At least 21 people have died and dozens left injured after terrorists from the Tehreek-e-Taliban opened fire and hurled explosives at Bacha Khan University in Charsadda, north-west Pakistan. The military operation was ongoing four hours after the siege begun and it is feared the death toll will rise.
Militants stormed the building at around 9am local time (4.30am GMT) under the guise of dense fog, after reportedly entering from the rear of the building. Gunshots were fired and explosives heard, witnesses said, as security forces fought back.
Multiple injuries have been reported and two of the attackers have been shot and killed by soldiers. The death toll in the terrorist attack has risen to 21, said regional police chief Saeed Wazir. He added that 70% of the students had been rescued as the army conducted searches of the campus for survivors as well as possible assailants.
An army spokesman in has since confirmed the four taliban gunmen who attacked the university are dead and the clearance operation has ended.
Pakistani Taliban commander Umar Mansoor, the mastermind of a student massacre in December 2014 at a military-run school in nearby Peshawar, claimed responsibility for the assault and said four of his men hatched the attack.
Vice chancellor Fazal Raheem Marwat was on his way to work when police told him of the attack. There are male and female staff members and students on the campus, he told AFP. There was no announced threat but we had already beefed up security at the university.

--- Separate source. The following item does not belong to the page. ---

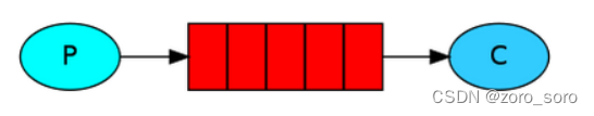 ⽣产者将消息发送到队列,消费者从队列中获取消息。

More than 3,000 students are taught at the university and was hosting an additional 600 visitors on Wednesday for a poetry recital. Students had planned the event to commemorate the anniversary of the death of Pakistani activist Khan Abdul Ghaffar Khan, after whom the university is named.
Charsadda is a small town located 29km from Peshawar, the provincial capital of Khyber Pakhtunkhwa. on 16 December 2014, the Taliban attacked the Army Public School in Peshawar and murdered 144 people, mostly children under the age of 16.